● **WHAT TO WORK ON**:
Note the line containing "고3인 아들에게 수능전까지"; from it through the last line below, give only those lines again, exactly, both ends included, skipping pictures.

● **DATA EXCERPT**:
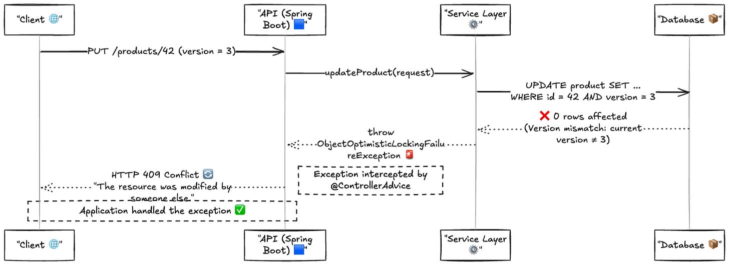 • Se nenhuma linha for afetada, ele lança OptimisticLockException
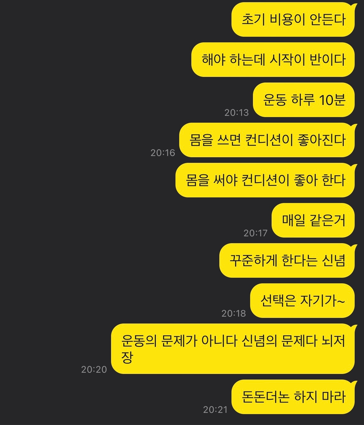 고3인 아들에게 수능전까지 하루 10분간 운동을 하라는 부탁을 했습니다. 그것만 꾸준히 지키면 네가 원하는 대로 놀아도 된다고 말했다 합니다.
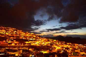 我就站在那山坡上,看太陽慢慢,慢慢落下;看月亮漸漸,漸漸升起。滿山的房屋點(diǎn)起了燈光,沿途路上的燈也全部打開,一層一層圍繞著整個山頭,照亮著整個城鎮(zhèn)。這一片燈火,談不上輝煌,但定是夢幻。我有些無法相信這是我白天看到的那個簡單的小鎮(zhèn),日月變化,似乎換了另一個世界。
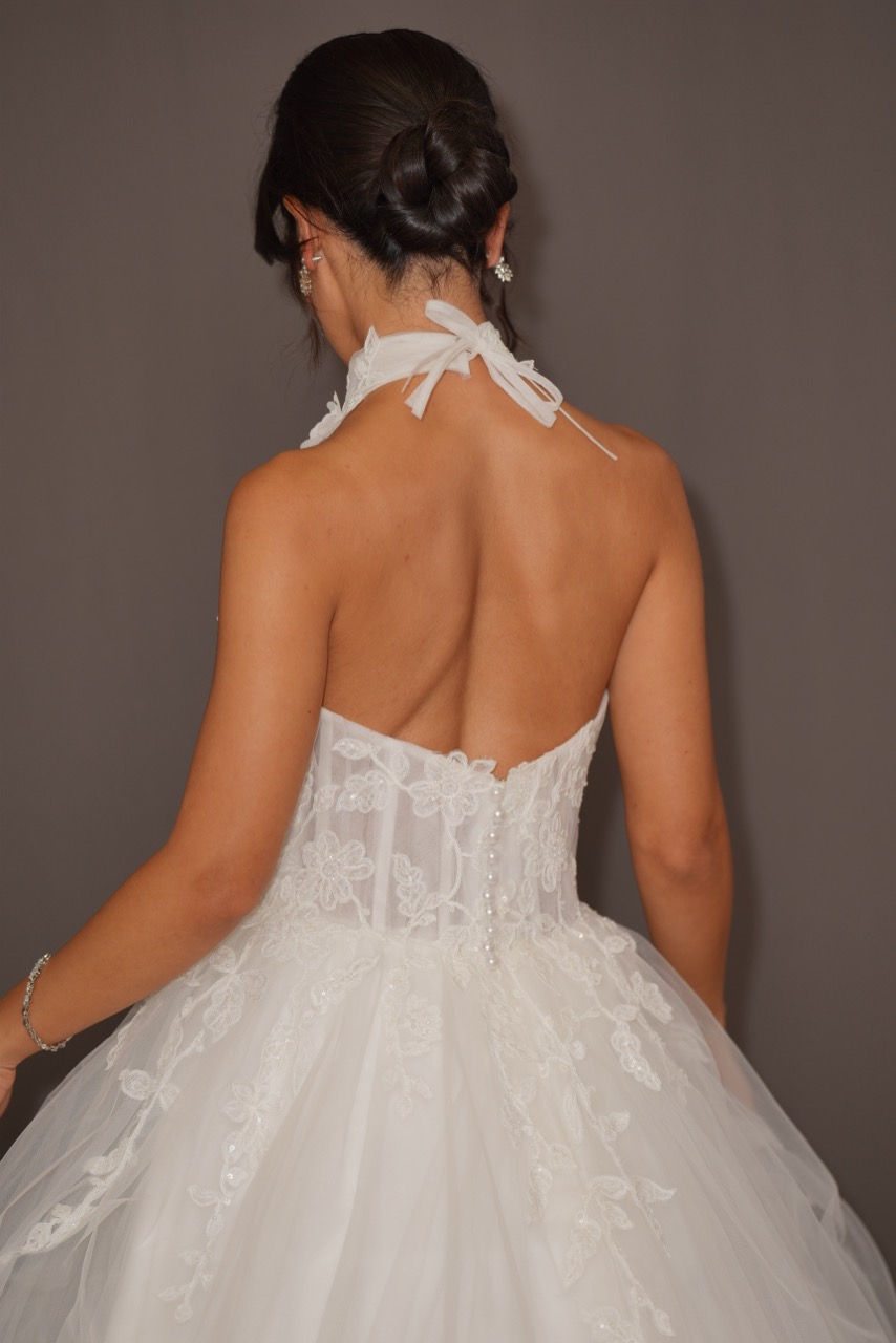 首元を美しく見せるホルターネックと、ふんわり広がるAラインが魅力のウェディングドレス。

● **ANSWER TO THIS EXERCISE**:
 고3인 아들에게 수능전까지 하루 10분간 운동을 하라는 부탁을 했습니다. 그것만 꾸준히 지키면 네가 원하는 대로 놀아도 된다고 말했다 합니다.
 我就站在那山坡上,看太陽慢慢,慢慢落下;看月亮漸漸,漸漸升起。滿山的房屋點(diǎn)起了燈光,沿途路上的燈也全部打開,一層一層圍繞著整個山頭,照亮著整個城鎮(zhèn)。這一片燈火,談不上輝煌,但定是夢幻。我有些無法相信這是我白天看到的那個簡單的小鎮(zhèn),日月變化,似乎換了另一個世界。
 首元を美しく見せるホルターネックと、ふんわり広がるAラインが魅力のウェディングドレス。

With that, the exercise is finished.